17 Mar 2014

How not to provide Mutual Legal Assistance

On 13 February 2014 the Divisional Court issued a strongly worded judgment about the way in which UK authorities should handle mutual legal assistance requests. ; in Van Der Pijl v Secretary of State for the Home Department and another [2014] EWHC 281 (Admin) does not change the law in this area but the court felt the need to set out the duties placed on each party when responding to and assisting foreign authorities pursuant to the Crime (International Co-operation) Act 2003. The need for clarification was emphasised when Mr Justice Green bluntly stated “This case reflects an exercise in how not to provide mutual legal assistance.”

The litigation had a long and complex history beginning with the application for mutual assistance by the Dutch authorities as far back as March 2011 and ending in December 2013 without the transmission of any of the material requested in time for the Dutch criminal trial. The Dutch authorities sought assistance with the search and seizure of materials located within the jurisdiction, to be used in a criminal case for tax fraud against the claimant. After the execution of the search warrant by the MPS the claimant successfully challenged its legitimacy in judicial review on the grounds of ‘specificity’. It is important to note that the letter of request from the Dutch authority was regarded lawful because they had provided an adequate basis upon which the court could properly form a conclusion that the domestic equivalent of the offence being investigated had actually been committed as opposed to being merely suspected. The judge made the order for the MPS to return material seized from the claimant on the grounds that the order to retain the material was made on the basis of an illegal warrant. The judge did not order the return of materials in the possession of the Dutch authorities on the undertaking from the MPS and the Secretary of State that they would use their best endeavours to persuade the said authority to return the property and any copies to the claimant.

Following the return of the seized material to the UK the claimant sought to prevent the Dutch authorities accessing the information under section 59 of the Criminal Justice and Police Act 2001, which allows authorities to retain material obtained in the “purported exercise of a relevant power of seizure;” this led to further preparatory hearings, an interim relief application and this application for judicial review. The claimant failed to challenge the reasoned decision of HHJ Price QC, allowing the Secretary of State to transfer the document to the Dutch authorities, until 31 October 2013, even after a request from the Secretary of State to apply without delay.

Search warrants both inside and out of the jurisdiction must satisfy the test of ‘substantive relevance;’ however, Green J highlights the limitations the UK courts face when reviewing foreign applications. Green J emphasised the mutual trust and comity which underpins both the European Convention on Mutual Assistance in Criminal Matters and the Convention on Criminal Matters between the Member States of the EU. The mutual trust entrenched in the signing of these conventions should have prevented the Dutch authorities from having to justify the relevance of each document, dramatically speeding up the process.

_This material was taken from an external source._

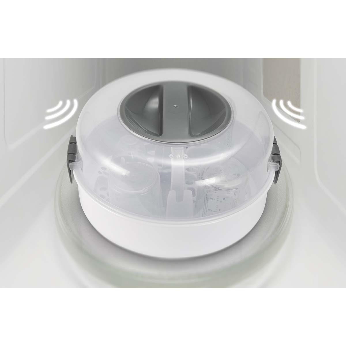 Steriliseringsflaskan är en robust, lätt behållare med lock. Du sköljer flaskorna och napparna och lägger dem upp och ner i behållaren. Häll cirka 120 ml vanligt kranvatten i botten av behållaren. Stäng behållaren genom att lägga på locket och ställ in den i mikrovågsugnen. Sätt på mikrovågsugnen på högsta inställningen i sex minuter, och du är klar. Flaskorna är nu skinande rena och kan hållas sterila i upp till 24 timmar förutsatt att locket på behållaren förblir stängt. Flasksterilisatorn har plats för fyra 150 ml-flaskor samtidigt och passar in i alla vanliga mikrovågsugnar.

Green J gave a damning verdict on the efficiency of the UK authorities who had had over two and a half years to cooperate. The claimant was also blamed for tactically abusing the judicial processes available to him in order to prevent the Dutch authorities from obtaining the information in time for their December trial. The numerous failings throughout this case are laid out in the guidelines given by Green J:

i) The United Kingdom Central Authority needs to ensure that at all times the Courts are kept fully aware of the state of progress of proceedings in the foreign jurisdiction since without this knowledge informed listings decisions cannot be made;

ii) The Courts need to ensure that listing decisions are taken with a view to ensuring as much expedition as is proper in the circumstances and if necessary designating a single judge to be responsible for case managing the process;

iii) The MPS needs to take greater care in seeking and enforcing warrants; and

iv) Persons subject to mutual assistance order and interventions need to be made fully aware that in their entirely legitimate attempts to protect their rights, any unacceptable delay or abuse of process will be rigorously opposed and appropriate sanctions imposed.

The guidelines set out by Green J should ensure that foreign authorities, especially EU member states, who make valid requests for mutual assistance, are not thwarted by error, disorganisation or procedural abuse in the UK. It is clear that all parties have a part to play in ensuring the system runs efficiently and expediently. The case underlines again the vital importance of making an early challenge to search warrants in such cases. A delay of two and a half months in this case was plainly far too long. The court expects such claims to be filed very quickly in future.